But that's besides the point. The thing is, if I see a girl who usually walks home but forgot her umbrella, how can I ask her if I can walk her home, or something along those lines? I don't want it to come off as awkward or like, weird. I just want to be a nice guy here without sounding like a dip-stick. There's this girl that's been constantly catching my eye lately and my last class is right next to the parking lot, and we sometimes cross roads when I walk to the bike racks. She does have a car, so she does head to the parking lot. Let's say she didn't bring her umbrella or something, but I brought mine. How do I ask her if I can walk her to her car or something?
Say something along the lines of this:
"Hey the weather outside looks pretty crappy and I noticed you don't have an umbrella with you. Do you mind if I walk you to your car?" Be sure to have your umbrella in hand so she can clearly deduce your intention.

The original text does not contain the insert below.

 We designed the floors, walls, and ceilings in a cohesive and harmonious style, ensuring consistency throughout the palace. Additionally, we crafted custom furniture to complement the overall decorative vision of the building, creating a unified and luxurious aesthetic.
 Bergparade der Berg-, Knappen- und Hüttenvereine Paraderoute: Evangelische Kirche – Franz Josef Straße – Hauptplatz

You don't want to ask her with your hands empty because that could indeed be taken the wrong way. If you ask politely and in a way so she understands your intention you should be set- and don't take rejection poorly. I believe that most women your age (high school, correct?) aren't accustomed to such manners and may mistake it for something else; in other words, they may be taken aback by you just merely asking to walk them to their car. Therefore, don't take rejection personally and try again later.
It seems to me that you have a crush on this girl (the one you want to walk to her car). If so, you'll have to be more bold in hitting on her if you want to eventually land a date with her. Walking her to her car isn't bad by any means, but if you want to get to know her better and get her on a date you have to step up your game. But I digress. Good luck when the rains come and hopefully you'll get a chance to walk her back to her car.

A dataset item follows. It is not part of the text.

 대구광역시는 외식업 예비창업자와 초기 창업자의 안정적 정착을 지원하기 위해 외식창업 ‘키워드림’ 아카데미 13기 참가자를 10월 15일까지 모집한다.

Thanks a lot for the info. It feels so good to finally get that question out there - I would've asked my Bio teacher but - eh, that would've come out awkward, if you know what I mean. I'll keep your advice in mind and I'll add "stepping up my game" to the checklist of things to do on the progression to manhood.
Reading this post put a smile on my face and reminded me of a moment in high school when I was a real douche. It was pelting down and I was walking home with an umbrella. This girl, that everyone at school was making fun of us liking each other (even though we didn't) didn't have her umbrella. I decided that moment not to share my umbrella for fear of what others might think from it. So I left her to walk in the pouring rain...

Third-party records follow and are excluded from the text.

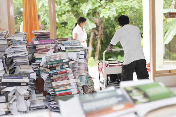 Ambon is geen leeseiland. Ze hebben bijna geen tijdschriften en studieboeken worden zelden gebruikt. “Wat hebben we nou aan boeken die we niet kunnen gebruiken, we kunnen ze toch niet eten?”, zegt rector Agus Batlejery van de Christelijke Universiteit Ambon. Toch vreemd, als je bedenkt dat ze 40.000 gratis studieboeken hebben aangenomen van de Universiteit van Wageningen. Die boeken liggen nu in een hoek van de bibliotheek op een bult weg te rotten.
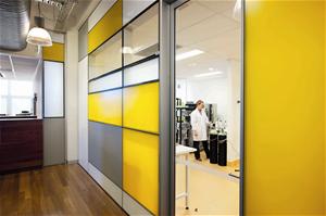 The research laboratories sit within a two-storey ‘light box’ above the original heritage façade. The ‘box’ is clad with translucent glass planks, ensuring diffuse daylight to the laboratories throughout the day and very low energy consumption. To maintain sun penetration to neighbouring houses, the building had to be stepped toward the north. This enabled the new glass box to ‘slide’ over the older building, creating a large-scale composition with smaller scale detailed elements at the conjunction of the forms.
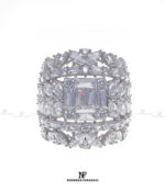 انگشتر زنانه ملکه با پایه جواهر مزین به نگین های زیرکنیوم آمریکایی شناسنامه دار با تراش مارکیز و باگت
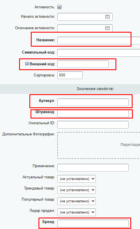 4. Заполняем параметры товара. Обязательными будут Название товара, артикул, внешний код, штрихкод и брэнд.
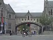 À l’extrémité ouest de la cathédrale est un pont de pierre couvert qui conduit à l’ancienne salle du Synode, construite sur le site de l’ancienne église Saint-Michel, prébendier de Christ Church, qui a été démolie par George Edmund Street lors de sa restauration de la cathédrale. Cette salle du Synode, qui intègre la tour de l’ancienne église, a été autrefois utilisée pour héberger le General Synods et le conseil diocésain de Dublin, Glendalough et Kildare. Y est maintenant présentée l’exposition Dublinia sur le Dublin médiéval.
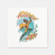 Aquaman y el reino perdido | Chequea Aquaman con su Tridente saliendo del mar en una ola al atardecer, con su nombre e ícono con acento floral.

The consequence of my decision almost 10yrs later, still serves as a reminder for me. From then on I decided I could never ever let myself do something so against my values that till now, and forever, I will be the best gentleman I can make myself be.
So anyway to your question and as D.J has outlined just have your umbrella in hand and ask her if she would like to share your umbrella. I would also probably have the umbrella open and take a step out into the rain and then turn to her as she waits.
If she says no, then her loss right? she doesn't get to go to her car without getting soaked. Also don't let the reactions/rejections from others stop you from being the gentleman you want to be. I once held a door open for a teacher so she could go in first and she gave me the most weirdest look like I had done something wrong. So just know that you do it because you know it is right and not because you want to show off or impress others. Then their reaction won't matter or hurt so much.
Hope this helps mate and good luck!
Richard from Romantic Missions
Thanks a lot for your great advice, Richard.
Sorry to hear that you've got some regrets, but it's nice to hear you've made a good pledge in regards to being the best gentleman you can be. If she does say no, then yeah - I'm perfectly cool with it and I respect her decisions.
I will definitely keep your post in mind. Thanks!
Refreshing post man. Good for you.
Being a gentleman is always the best route. You don't have to memorize Emily Post or anything like that. It is just about being considerate to others. You might get some comments from others, but don't let it stop you. Having manners and class is always great.
As for the girl, don't over think it. Trying to work out witty phrasing can inadvertently turn a kind gesture into a bad pick up line. Keep it simple and honest.
"That rain is really picking up. Want to share my umbrella so you don't get wet?"
Nothing complicated. Not setting it up as some "line" also will make her less likely to be uncomfortable so that walk can include some nice conversation. Just be yourself and let her get to know you.
I sure know how that feels. That happened to me several times during sixth grade when I could barely even look at a girl without getting nervous. I'll keep your advice in mind about making it simple - thank you.
I agree with you - manners and class will always remain forever, though it's commonly overshadowed by "being a jerk", especially in schools. I don't see how girls could like those kinds of people, but if it's their preference, then - you know, I'm cool with that.
I also agree with you on the "simple and honest" part. I never had a liking for witty one-liners and always found them to be corny. I'll definitely say something along those lines (the example you wrote). I'll remember to keep it simple and to just be myself - the most important part. Thanks again, Chuck.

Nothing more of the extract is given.